What is an "edison circuit"? Never heard that term before.

#Comment Re: made: 2012-01-09 20:34:04.030893+00 by: Mars Saxman

oh, i see, split neutral.

#Comment Re: made: 2012-01-09 20:34:15.321839+00 by: andylyke

@Mars: I take it to be a shared neutral configuration on a 120/240 3 wire circuit where some receptacles are connected to the A leg, and others to the B leg, but all share the neutral, so the neutral current will be the difference between the loads on the respective A and B legs. I hadn't heard the term before, and particularly since Edison was the DC proponent, and Westinghouse the AC proponent, it seems puzzling.

#Comment Re: made: 2012-01-09 20:38:53.736879+00 by: andylyke

Okay - Edison used the shared neutral on DC circuits.

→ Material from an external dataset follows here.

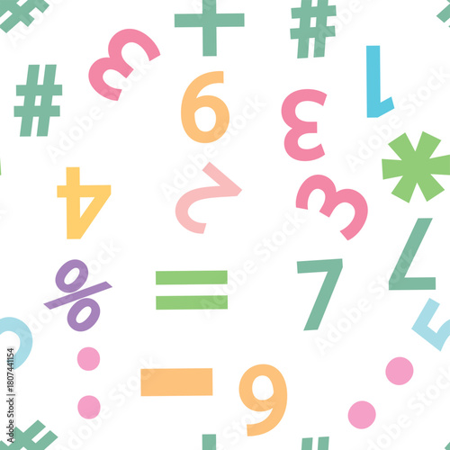 Obraz premium Colorful numbers, math symbols and formulas seamless pattern. Kindergarten,...

#Comment Re: made: 2012-01-10 02:29:23.514704+00 by: meuon

As long as A and B are similar loads, sharing a neutral works. Normal residential usage is OK. If I were going to be running inductive motors with varying loads, I'd run hot and neutral as far home (to the panel) as I could. I've got two GFCI breakers in my box, one feeding the hot tub (two phases, 30amp) and one feeding the kitchen (two phases, 20amp) and a GFCI outlet in the bathroom... which I think is currently unpowered.

#Comment Re: made: 2012-01-10 14:01:38.981437+00 by: TheSHAD0W

So long as the shared neutral conductor is the same size as the hot lines, having differing loads on the two hot sides doesn't matter.

#Comment Re: made: 2012-01-10 17:27:06.757176+00 by: Larry Burton

Functionally, sharing a neutral works but it can really cause some problems with lockout procedures.